• [TASK DESCRIPTION]:
Copy nothing but the line with "در ماژول هزینهها" and the lines that follow it to the end of the entries below, and keep the pictures out.

• [PROVIDED RECORDS]:
____
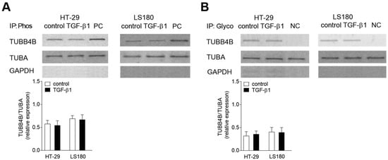Further, we assessed the posttranslational modifications of TUBB4B in colon cancer cells undergoing EMT. We evaluated two modifications within this tubulin subunit located in the microtubules—phosphorylation (Figure 2A) and glycosylation (Figure 2B). The alterations within TUBB4B were examined in the microtubular fraction by immunoprecipitation assay of serine residues with P-Ser antibody recognizing phosphorylated proteins, or an antibody that binds to glycolyzed fragment of each protein. This was followed by Western blot with an antibody specifically recognizing TUBB4B. We also analyzed the level of TUBA in the microtubular fraction before immunoprecipitation as a control for the total protein content of the experiment. Additionally, GAPDH levels were evaluated to check the purity of isolated microtubular fraction. Surprisingly, our studies revealed that stimulation by TGF-β1 did not induce any changes in the level of TUBB4B phosphorylation (Figure 2A) or glycosylation (Figure 2B) in both colon cancer cell lines HT-29 and LS180 studied. As a positive control (PC) of phosphorylation modulation, we used lysate from the cells treated with a mix of Phosphatase Inhibitor Cocktail 1–4 (according to manufacturer’s instruction) which block protein dephosphorylations. Negative control (NC) of glycosylation was the cell lysate treated with tunicamycin that blocked glycosylation of tubulin in microtubules.
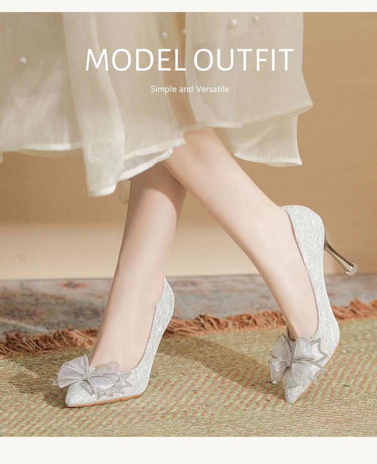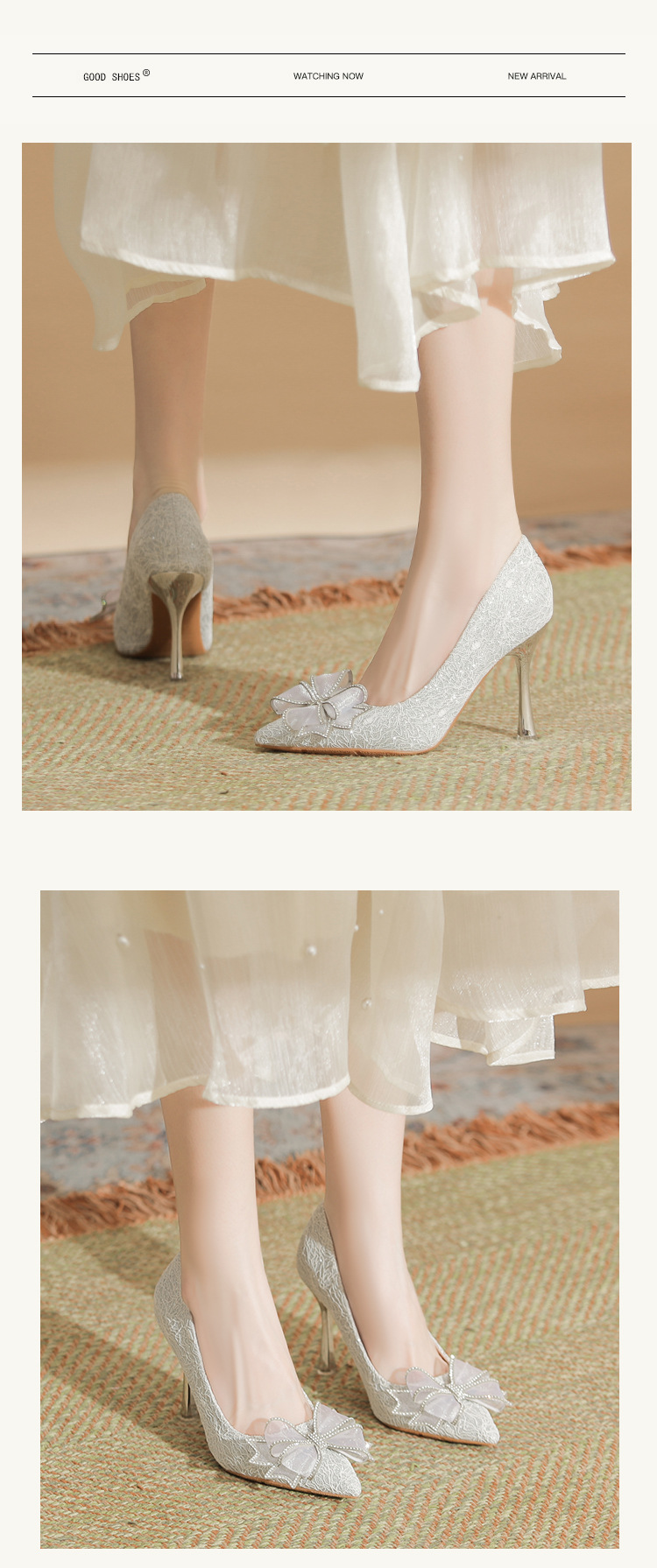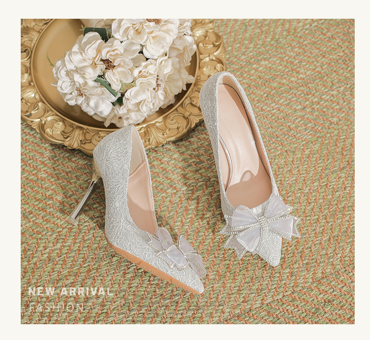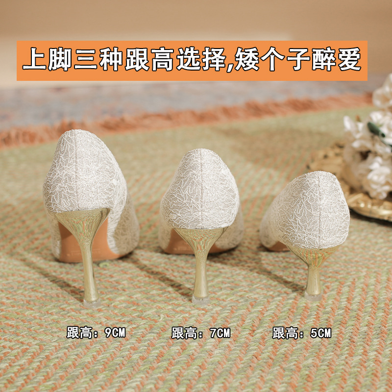316-A183 뾰족한 하이힐 여성용 스틸레토 힐 웨딩 신발 Xiuhe 웨딩 원피스 두 가지 착용 신부 들러리 신발 플러스 사이즈 지방 확대 43스토어 가기
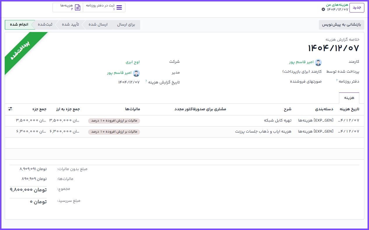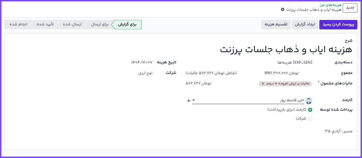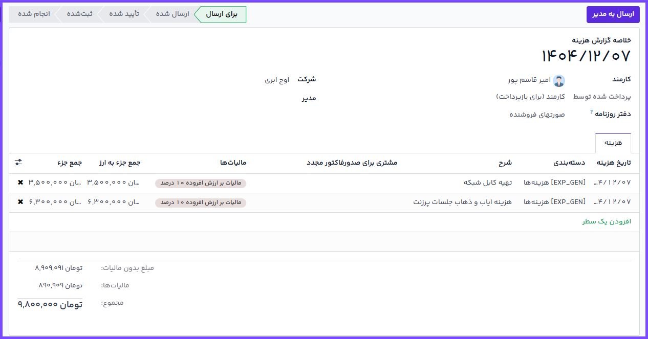 در ماژول هزینهها در اوج ابری، کارکنان میتوانند هزینههای انجامشده (مانند مأموریتهای کاری، خریدهای اداری یا پرداختهای مرتبط با پروژهها) را ثبت کرده و در قالب «گزارش هزینه» برای بررسی و تأیید ارسال کنند. این فرآیند بهصورت یکپارچه با بخش حسابداری و در صورت نیاز با فروش و پروژه نیز در ارتباط است.
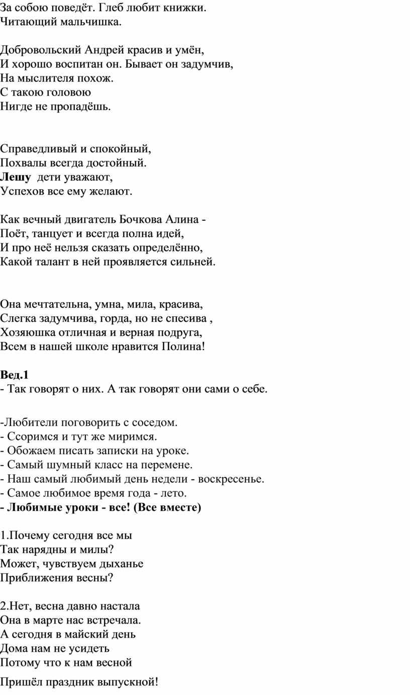 2 вед: - Учителя пойдут им навстречу и продлят это удовольствие ещё на один год.
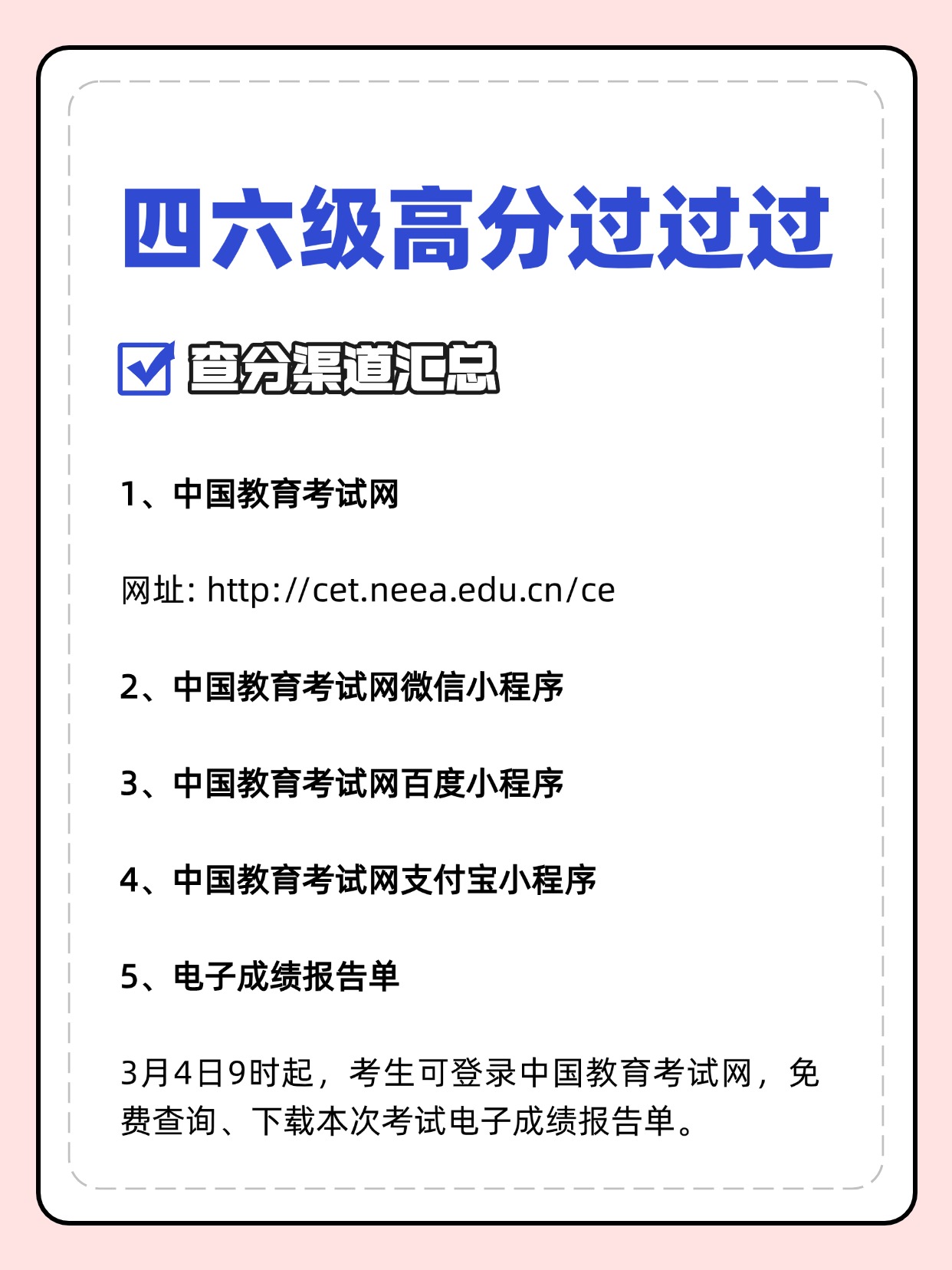四六级官方通知终于来了!2024年下半年四六级成绩将于2025年2月26日上午6:00 开放查询!附图是小优汇总的查分渠道,祝大家都能高分过过过!
____
• [RESPONSE BELOW]:
 در ماژول هزینهها در اوج ابری، کارکنان میتوانند هزینههای انجامشده (مانند مأموریتهای کاری، خریدهای اداری یا پرداختهای مرتبط با پروژهها) را ثبت کرده و در قالب «گزارش هزینه» برای بررسی و تأیید ارسال کنند. این فرآیند بهصورت یکپارچه با بخش حسابداری و در صورت نیاز با فروش و پروژه نیز در ارتباط است.
 2 вед: - Учителя пойдут им навстречу и продлят это удовольствие ещё на один год.
四六级官方通知终于来了!2024年下半年四六级成绩将于2025年2月26日上午6:00 开放查询!附图是小优汇总的查分渠道,祝大家都能高分过过过!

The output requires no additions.